Personal details
- Born: Frances Crabtree 16 July 1950 (age 76)
- Spouse: Julian Spalding ​ ​(m. 1974; div. 1991)​
- Alma mater: University of Nottingham
- Occupation: Art historian and writer

= Frances Spalding =

British art historian (born 1950)

Frances Spalding ( Crabtree; born 16 July 1950) is a British art historian, writer and a former editor of The Burlington Magazine.

==Life==
Frances Crabtree studied at the University of Nottingham and gained her PhD for a study of Roger Fry. She taught art history at Sheffield City Polytechnic (1978–1988) before becoming a freelance writer and curator.
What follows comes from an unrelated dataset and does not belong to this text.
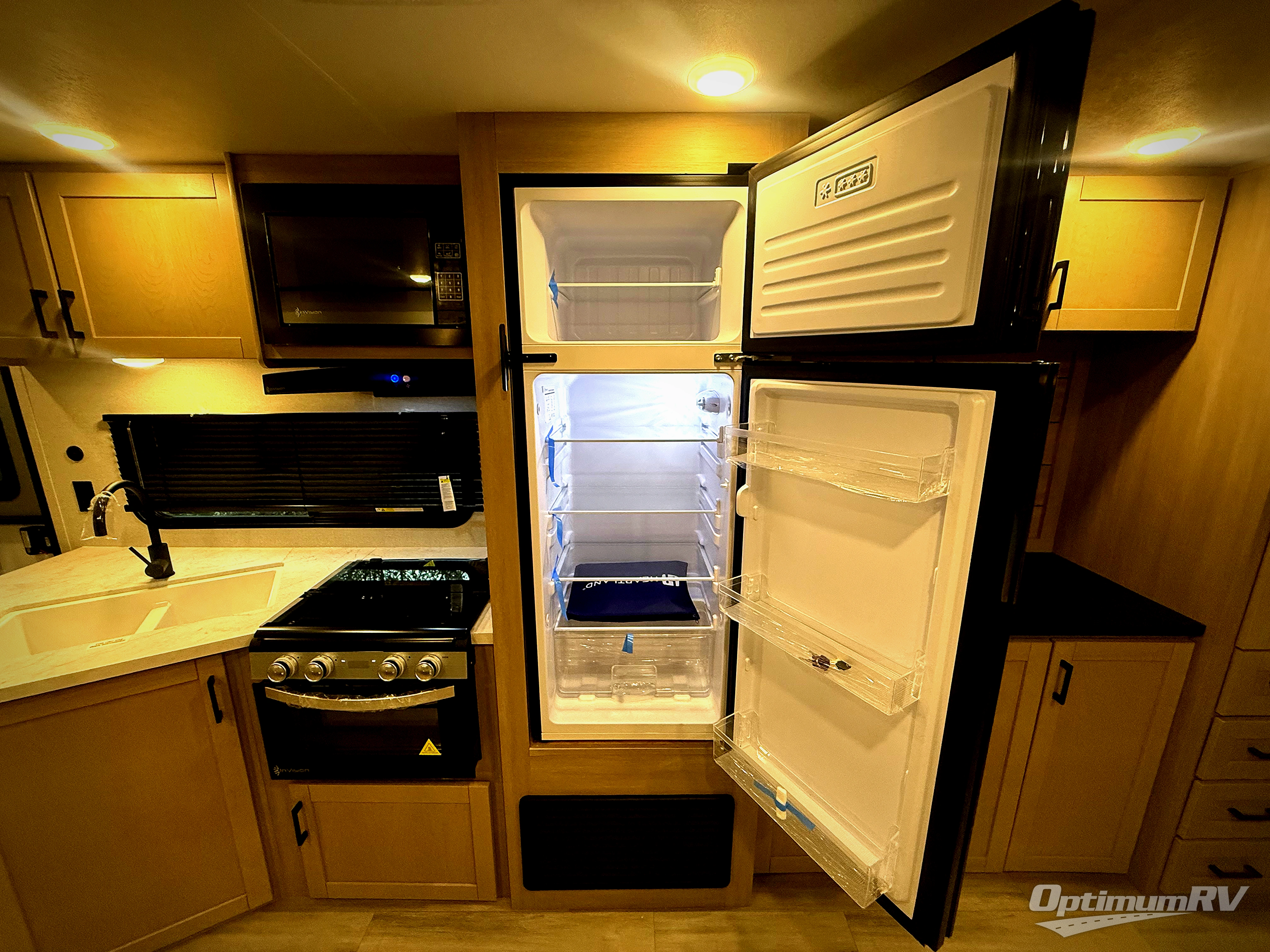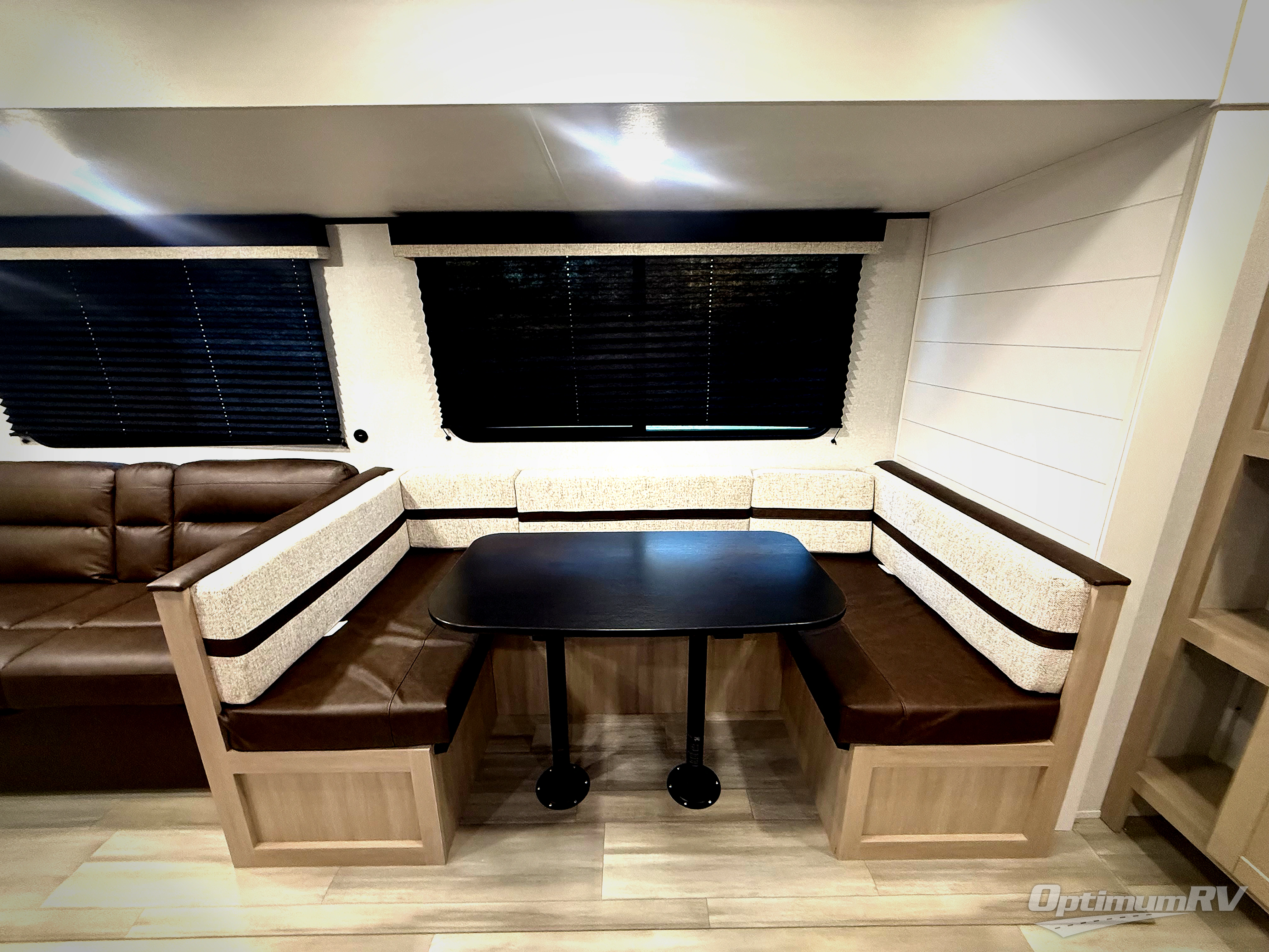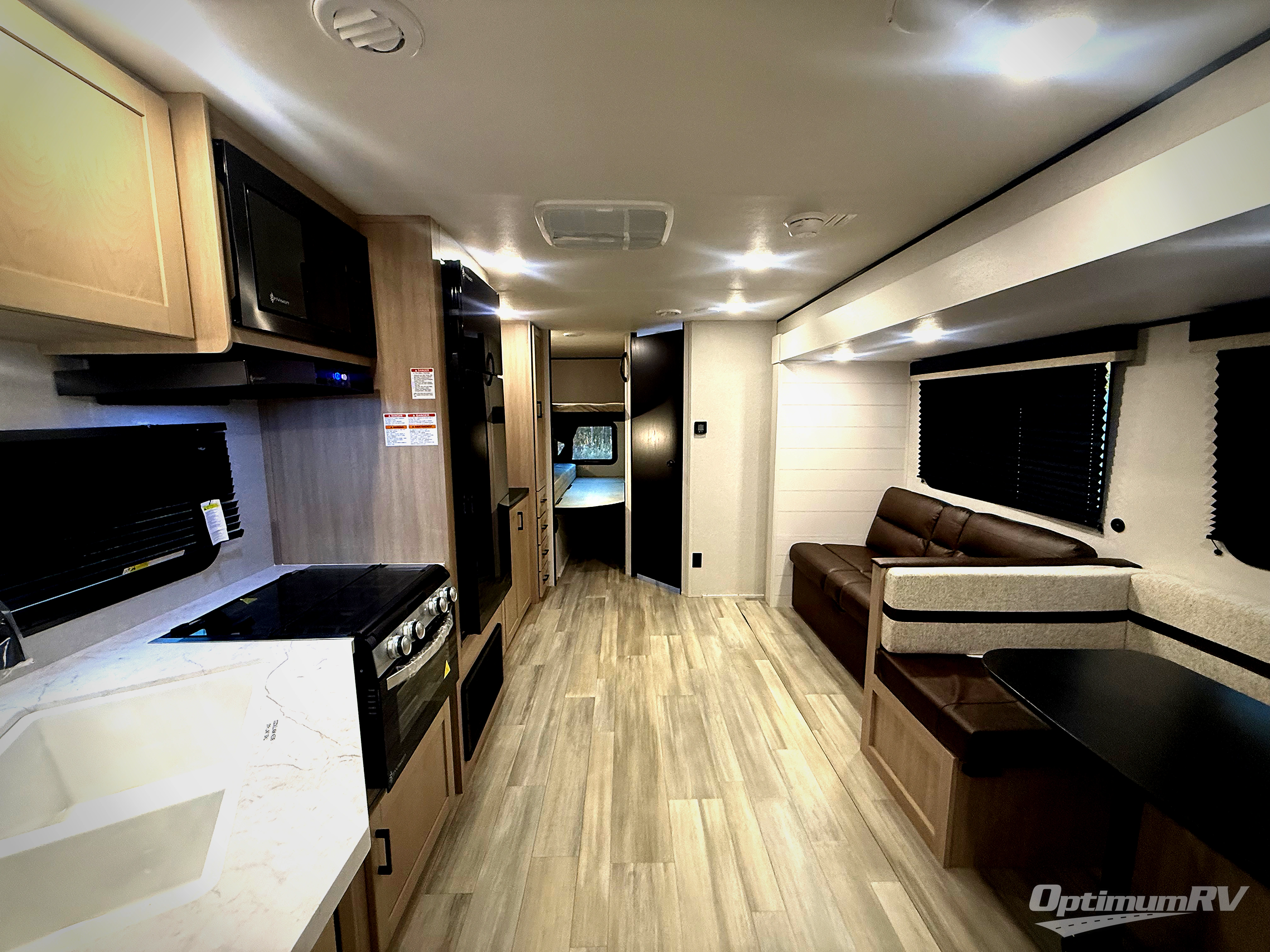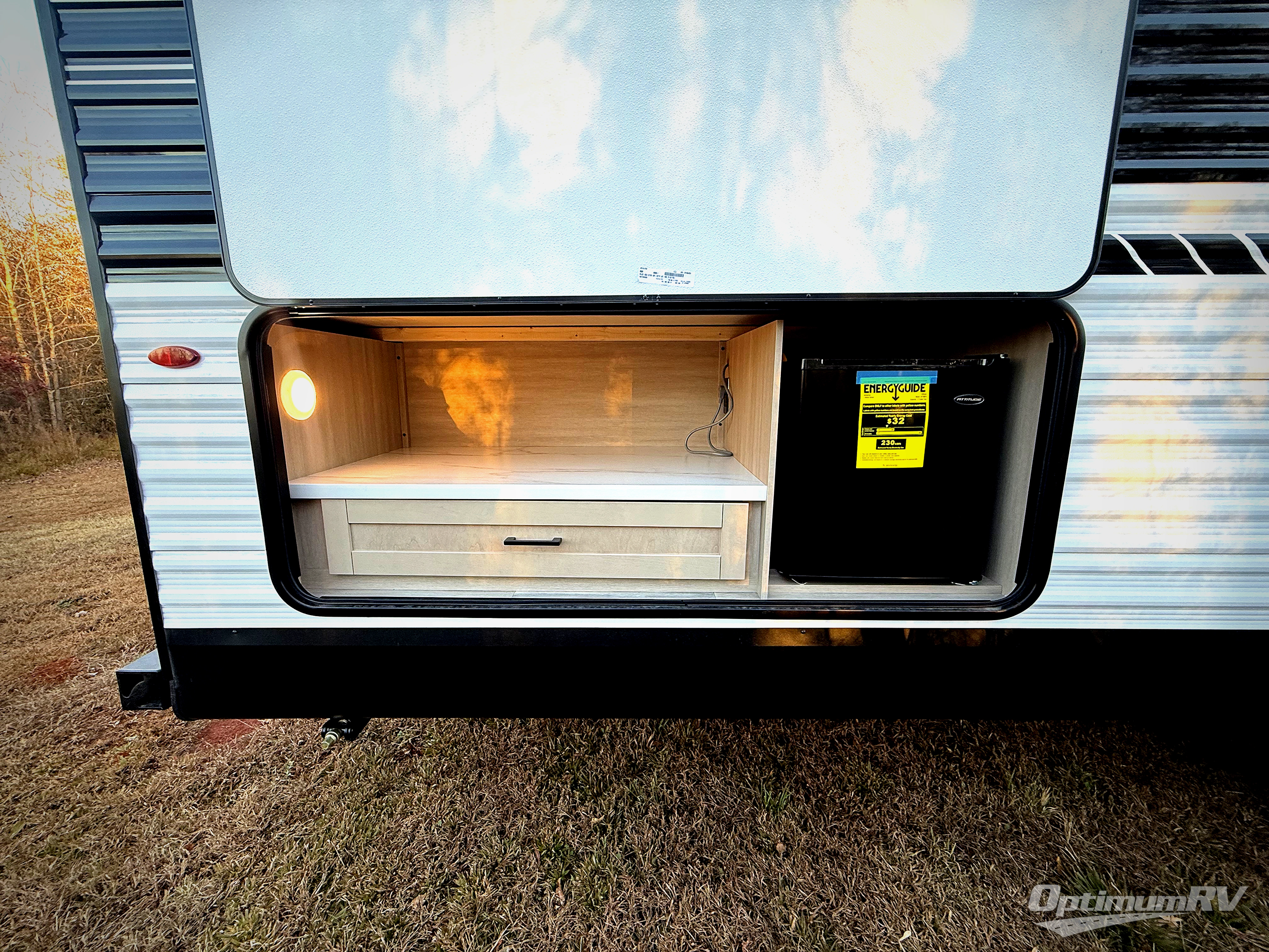 The whole gang will love weekends in the woods with this travel trailer in tow! There is a large slide out for added space, and here you'll find the jack-knife sofa and U-shaped dinette. There is also an entertainment center with a fireplace for cozy evenings indoors, and you'll appreciate the storage cabinet and shelves for board games, movies and more! You can claim the front private bedroom to yourselves, while your guests or little ones take the double-size bunks. A full kitchen is complete with a three-burner cooktop and microwave oven to make meals each day, plus a 12V refrigerator for food storage. This unit also includes an outdoor kitchen with a refrigerator to keep cold drinks ready to enjoy!

She returned to academic work to take up the post of lecturer in art history at Newcastle University in 2000. She was promoted to reader in 20th Century British Art in 2002 and appointed Professor of Art History in 2007.

Spalding became the Editor of The Burlington Magazine in September 2015, leaving in August 2016. From 2016 to 2018, she was a fellow of Clare Hall, Cambridge, and an affiliate lecturer of the Department of History of Art, University of Cambridge.

Spalding specialises in 20th-century British art, biography and cultural history and her work includes essays, criticism and reviews. She curated the 2003 exhibition John Piper in the 1930s: Abstraction on the Beach at Dulwich Picture Gallery in south London. She has also written a study of poet Stevie Smith and a biography of John and Myfanwy Piper. When reviewing John Piper, Myfanwy Piper: Lives in Art, The Independent said of Spalding: "At her scintillating best, she is both a brilliant encapsulator and shrewd summer-up; above all, an enthusiast and advocate whose wisdom makes you eager for her subject."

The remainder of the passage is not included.